Superparamagnetic FexOy@SiO2 Core−Shell Nanostructures: Controlled Synthesis and Magnetic Characterization

Abstract

We present the results of controlled synthesis of core−shell nanostructures and the influence of silica coating on the magnetic properties of formed hybrid nanoparticles. The core−shell nanoarchitectures composed of magnetic iron oxide cores and amorphous silica shells have been synthesized through a sol−gel approach and characterized by transmission electron microscopy, energy dispersive X-ray analysis, and magnetometry. It is found that many of the hybrid nanoparticles contain a single core. A good control of the silica shell thickness (10−100 nm) has been achieved by adjusting the silane concentration.

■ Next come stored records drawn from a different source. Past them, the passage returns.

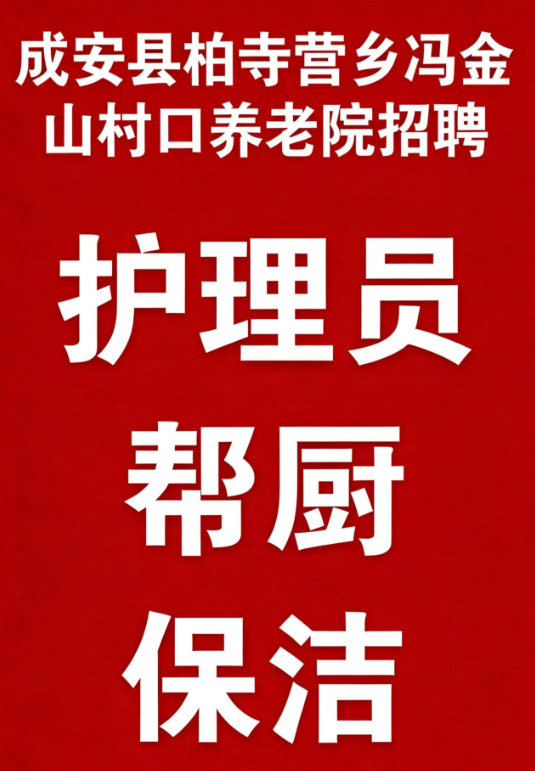 成安县柏寺营乡冯金山村口养老院招聘,护理员, 有意者联系
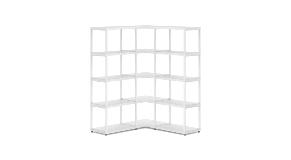 Modular corner shelving unit for your home + office with rectangular shelf spaces and side frames.
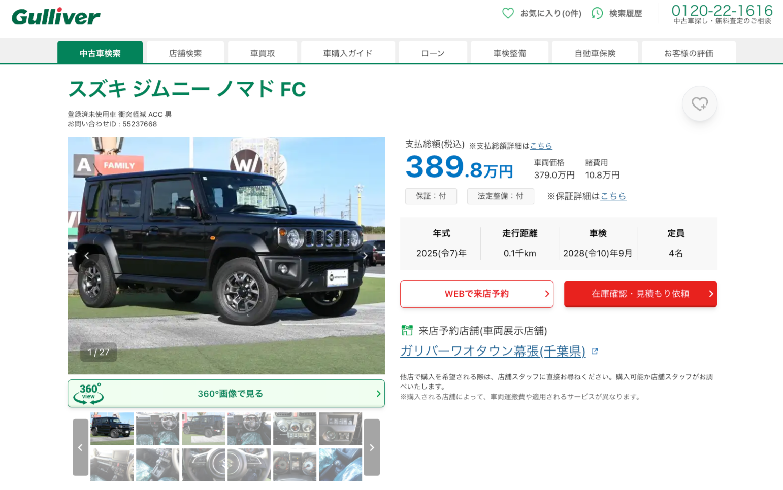 ガリバーのウェブサイトで、ジムニーノマドの中古車を検索してみたところ、10月27日現在の在庫は全国に49台。すべての在庫が走行距離1000km以下で、状態の非常に良い中古車が流通しています。しかし、その支払総額については、最安値で379万円から最高値で424万円と非常に高額で、在庫を仕入れる中古車オークションなどでも新車価格を大きく上回る高値で取引されていることを示唆しています。
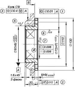 5.6. Стаканы 5.6.1. Простановка размеров На чертежах стаканов проставляются: габаритные размеры (осевой и диаметральный); размеры, входящие в размерные цепи. Остальные размеры наносятся исходя из конструктивных особенностей и технологии изготовления стакана. 5.6.2. Назначение допусков формы, расположения и шероховатости поверхности Положение стакана в радиальном направлении определяет его цилиндрическая поверхность, сопрягаемая с корпусом механизма, а в осевом - его фланец. В связи с тем, что длина посадочного диаметра стакана небольшая (l/d<0,8) и он сопрягается с корпусом по переходной посадке, основной конструкторской базой, лишающей деталь наибольшего числа степеней свободы, является торец фланца. Поэтому в качестве баз при назначении допусков расположения используются цилиндрическая поверхность и торец фланца стакана. = 0.2(D-d) В рассматриваемом случае: Т/2 = 0.2 (9-8) = 0.2 мм. В соответствии с ГОСТ 24643-81 принимается допуск в диаметральном выражении (табл. П.2.1): ТРР = 400 мкм. Допуск назначают зависимым, то есть таким, который можно превышать за счет изменения размеров сопрягаемых деталей в пределах их полей допусков. Позиция 3. Допуск параллельности торца для базирования манжеты торцу фланца крышки. Назначение технического требования - обеспечение качественной работы манжеты. Допуск параллельности задается на диаметре d = 52 мм примерно равным IT9 [8] В рассматриваемом примере для d = 52 мм 1Т9 = 74 мкм. Согласно ГОСТ 24643-81 принимается (табл. П.2.4): ТРА = 60 мкм. Позиция 4. Допуск радиального биения посадочной поверхности для манжеты Назначение технического требования - обеспечение качественной работы манжеты. Допуск задается на диаметре d = 52 мм IT6 [8]. В рассматриваемом примере для d = 52 мм IT6 =19 мкм Согласно ГОСТ 24643-81 принимается (табл. П.2.5): TCR = 16 мкм. Позиция 5. Шероховатость посадочных поверхностей под манжету. Назначение технического требования - предохранение манжеты от повреждений при монтаже и обеспечение надежной герметичности сопряжения. Рекомендуется [9] принимать Rg = 2.5мкм. Позиция 6. Шероховатость базовых поверхностей крышек. В соответствии с требованиями ГОСТ 18514-73 и ГОСТ 3325-85 шероховатость базовых поверхностей крышек рекомендуется принимать Rg = 1.6 .. 2.5мкм. Ниже В соответствии с позициями, указанными на рис. 5.14, даны краткие рекомендации по выбору допусков формы, расположения и шероховатости поверхностей деталей типа стаканов. Позиция 1. Допуск соосности посадочного отверстия для подшипника с внешней цилиндрической поверхностью. Назначение технического требования - обеспечение точности межосевого расстояния в передаче, а также норм контакта зубьев. Рассмотрим влияние отклонения от соосности отверстия стакана на межосевое расстояние. Допуск межосевого расстояния Т = 2\ fg следует рассматривать как допуск расстояния между осями вращения валов в средней плоскости / - / передачи (рис. 5.15), где ±4 - предельные отклонения межосевого расстояния (табл П.4.9). Точность межосевого расстояния определяется точностью расстояния между осями отверстий корпусной детали, отклонениями от соосности наружных колец подшипников качения, отклонениями от соосности стаканов и др. Поэтому допуск соосности стакана рекомендуется брать примерно равным 1 /3\fg I. Как видно из схемы (см. рис. 5.15), величина 4, вызываемая отклонением от соосности стакана, зависит также от расположе
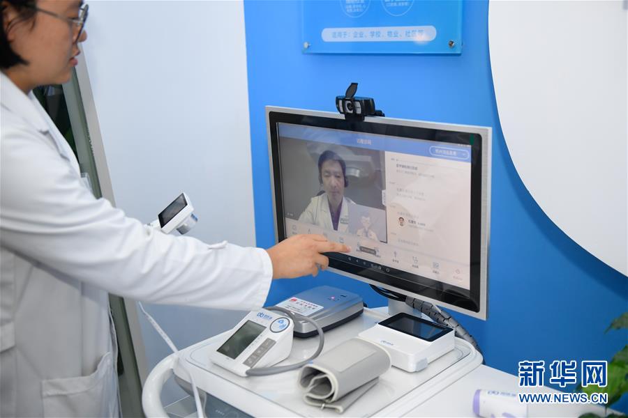 11月6日,乌镇互联网医院的员工在操作“智能医务室”与医生的视频连线功能。据了解,“智能医务室”由智能移动医疗一体机、智能药柜以及一系列检查设备组成,根据健康档案和检查结果,视频连接家庭医生就能解决常见的医疗健康问题。  新华社记者黄宗治摄

From temperature-dependent zero-field-cooled (ZFC) and field-cooled (FC) magnetization measurements and ZFC model study, it is found that the mean deblocking temperature and effective anisotropy constant remain similar after the iron oxide nanoparticles are coated with about 12 nm thick silica shells. However, the ZFC peak temperature and the ZFC/FC branching point decrease significantly by over 100 K. To understand these interesting phenomena, a specific sample whose surface is modified with a small amount of tetraethoxysilane was prepared. By studying the ZFC/FC and AC behavior of these three kinds of samples, relative contribution from surface anisotropy and magnetic interparticle interactions to the blocking behavior was evaluated. The magnetic core size effect is studied also by comparing two core−shell samples with slightly different core sizes.